SIMPROF test in LINKTREE

Low values of B% correspond to samples which are rather close together on the MDS plot and the question naturally arises as to whether these samples should be split at all – is there any evidence that the biological assemblages differ among the sites 5, 7, 11, 16, 17? If not, then we should not be seeking an environmental variable which distinguishes two subgroups within them. The SIMPROF test (Section 6) answers this question and provides a statistical basis for interpretation of a further subdivision. The test is the same as used with the unconstrained cluster analyses of Section 6 – the real profile of the biotic resemblances, in rank order, is compared with many repeated profiles from randomly permuting species values across these 5 samples, separately for each species. The test statistic  measures departure of the real profile from the mean of the random profiles, and this is set against the range of values it takes for the deviation of (further) random profiles from this mean. A large real $\pi$ implies significance, e.g. if it is larger than all but 49 of the 999 random profiles then homogeneity of the assemblages in this group would be rejected at p$\le$5%, and it is justifiable to interpret the next division LINKTREE makes – the text pane and results window continue to list all divisions permitted by the other stopping rules but the tree branches in red are not significant and it would be unwise to interpret those splits. The results window gives SIMPROF $\pi$ and p values and a factor is created of the SIMPROF groups which can be used to show those groups on an MDS, say.

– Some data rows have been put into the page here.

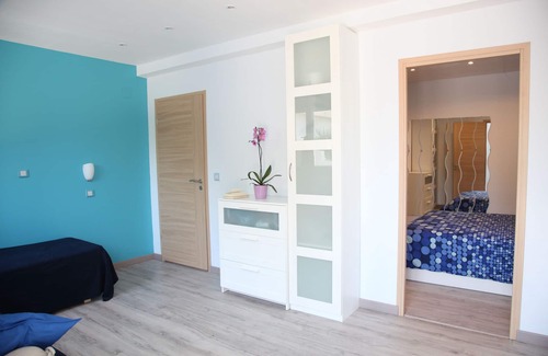 On a villa on the hills surrounding Nice, we host a group of up to 4 guests in a independent, freshly renovated studio apartment with two separate rooms, each one with its own bathroom. We offer B&B treatment (breakfast, bed linings & towels supplied, room cleaning).
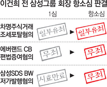 또 삼성에버랜드 전환사채(CB)의 편법증여 혐의는 1심과 같이 무죄 판결이 났다. 차명 주식거래 차익에 대한 양도소득세 포탈 혐의와 주식 변동 상황을 보고하지 않은 증권거래법 위반 혐의에만 1심과 같이 유죄가 인정됐다.
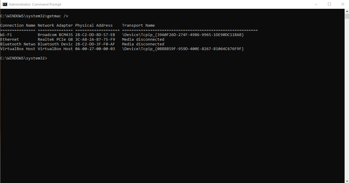 আপনি যদি পিসির ম্যাক এড্রেস দেখতে চান তাহলে নিচের কমান্ডটি দিন। এখান থেকে আপনি ম্যাক এড্রেস, DNS এড্রেস সহজেই দেখতে পারবেন।
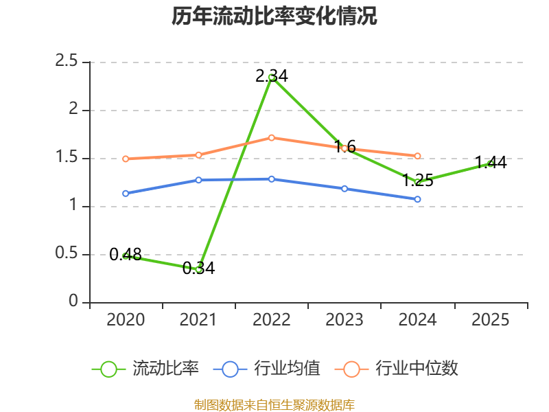 2025年,公司流动比率为1.44,速动比率为1.36。
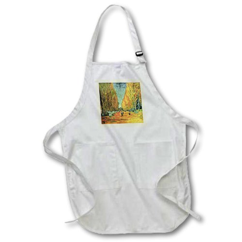 3dRose apr_48247_4 Aqua N Yellow Framed Van Gogh Landscape-Full Length Black Apron with Pockets, 22 by 30-Inch
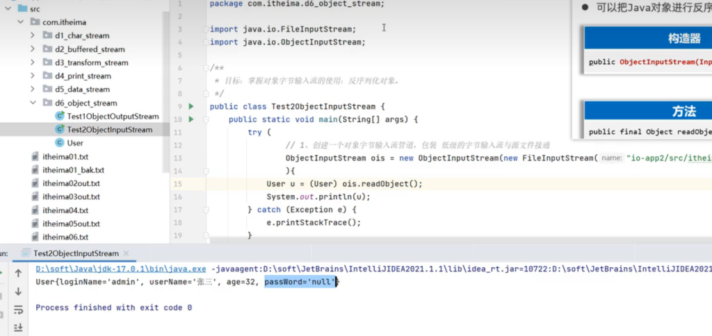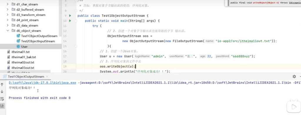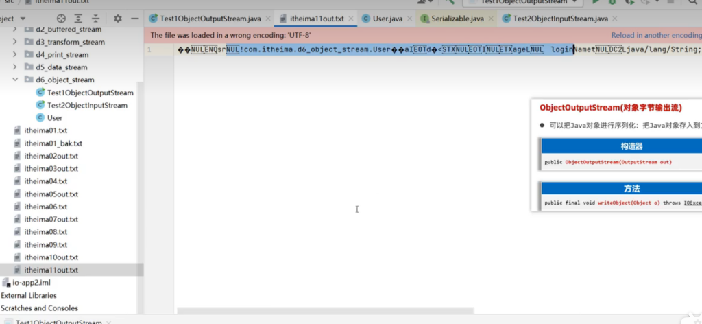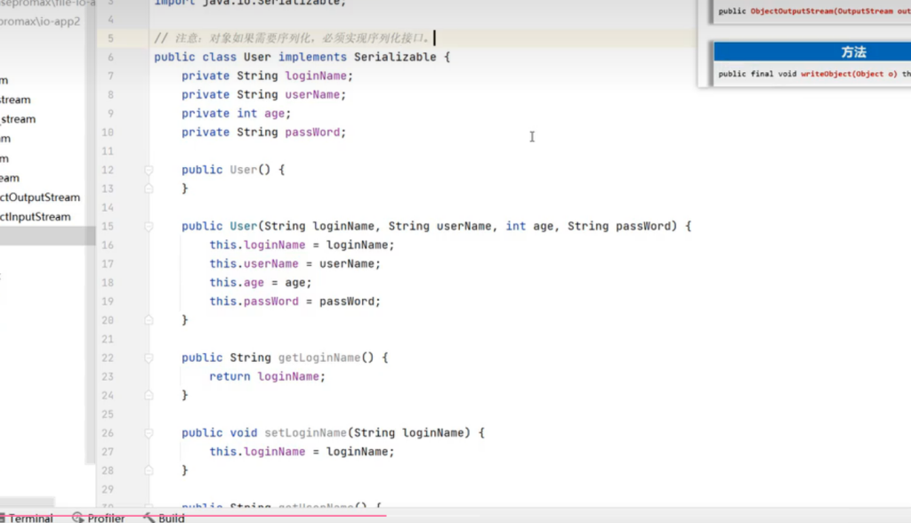 注意:对象如果要实现序列话,对象类必须实现Serializable接口
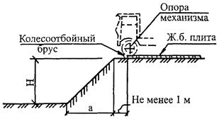 6 В таблице приведены значения величин заложения «а» при глубине заложения «Н», в метрах. Расстояние от опоры машины до бровки откоса не должно быть менее 1 м.
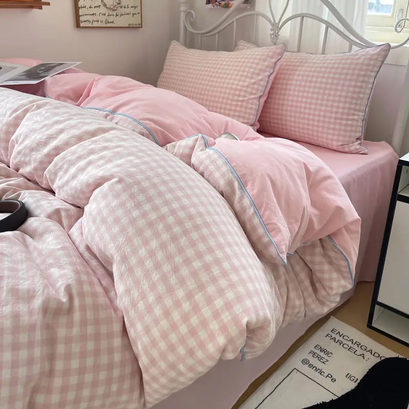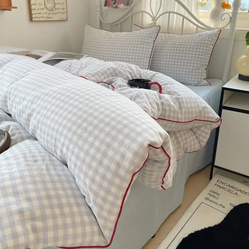 Simple Striped Bedding Set Washed Cotton Duvet Cover Sheet Pillowcase Queen King Size Boys Adults Bed Linens
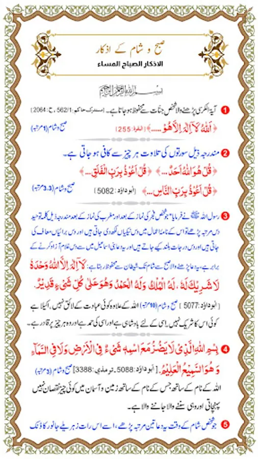 Dua and Azkar: Subah Sham ke Azkar ( أذكار الصباح والمساء) is one of the most authentic Islamic dua app for Muslims. This Daily supplication and morning-evening zikar Azkar app (صبح شام کے اذکار ) play a very important role in your life, it protects you. This Dua & Zikr : Masnoon Duain app contains Aytal Kurshi (آية الكرسي ) and Sleeping Azkar, Sonay ki Doa which is the best bedtime supplication for you and protects yourself. This Islamic zikr Azkar (ذكر - أذكار) app contains Black magic Jadu ki Duain (جادو کی دعا) and complete Islamic wazaif (وازيف الاسلامية) for those peoples who have the problems due to black magic and kala Jadu. Dua & azkar (hisnul muslim) is a complete combination of different supplication like Hajat ki Dua, Nazar e bad ki dua ( نظر بد کی دعا), Haaj umrah ki Duain (حج و عمرہ کی دعا), Hajj and Umrah guidance, hifazat ki dua. Suba Sham ke Azkar (صبح شام کی دعائیں) provides Ayat e Shifa and Dua e Shifa which is the most powerful weapon for a believer. Shifa ke Dua and Ayat e Shifa (دعاء الشفاء) is the doa to overcome an illness.
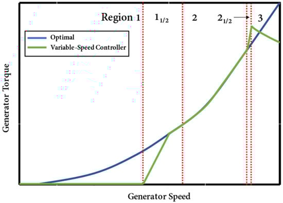 Generally speaking, there are two control loops to control a wind turbine, namely torque control loop and pitch control loop [2]. Figure 1 shows that, depending on the wind speed, the control of a wind turbine may be roughly split into three phases, i.e., the standby segment, the optimal Cp segment, and the rated power segment. The green line depicts the turbine’s actual operating curve, while the blue line shows that the turbine is running at its ideal blade tip speed ratio. Region 1 denotes that the turbine is in standby mode, since the wind speed is too low to generate electricity, with the rotational speed rising and the torque at 0. Region 2 is the optimal Cp section, where the blade tip speed ratio is ideal and the turbine has not yet reached its rated output. The turbine is controlled to maintain constant power by altering the pitch angle and generator torque in Region 3, which shows that the turbine has reached rated power and that the rotational speed is inversely proportional to the torque. Area 11/2 indicates the start-up state and area 21/2 the transition state where the rated power is about to be reached, these two areas account for very little. The region 2 is under power operation. To utilise wind energy as much as possible in this operating region is the control aim. At this stage, the blade pitch angle is locked at the optimal value in order to optimize power production, and the torque control circuit is used to adjust the rotor speed to run relatively near to the ideal speed. Numerous control techniques, including tip speed ratio (TSR) control [3], optimal torque control [4], power signal feedback control [5], and extremum seeking control [6], etc., have been researched and used in this sector. However, their characteristics include a slow tracking speed and that tracking accuracy cannot be set in advance.

Run Analyse>Cluster>LINKTREE as before on the diatom resemblances, this time taking (Min split size: 3) so this criterion does not enter – remember SIMPROF can never split a group of two – and (Vertical positions•B%) & (✓SIMPROF test). Look at the entries on the SIMPROF options dialog, but you will probably not need to change any. Since the test is on the biotic data not the environmental, the program steps back in the Explorer tree to find the default (Data sheet: Diatoms square-rooted) whose rows are to be permuted, and the (Resemblance:) specified will be the one used for the active matrix (Bray-Curtis here). You may need to reduce the number of permutations for much larger data problems (this intensive routine exploits available multi-core processing) or just run LINKTREE without SIMPROF tests, and do some selective tests on a few key splits with Analyse>SIMPROF on these selections in Diatoms square-rooted. The plot here shows that (5,7, 11,16,17) do not differ ($\pi \approx$0.95, p<35%) but (1,3,4,13-15) do differ ($\pi \approx$2.3, p<1%) and are split into three interpretable groups. Note also the uneven steps (large and small group differences) in the B% scale, which is now comparable across branches, unlike the equi-spaced A% scale.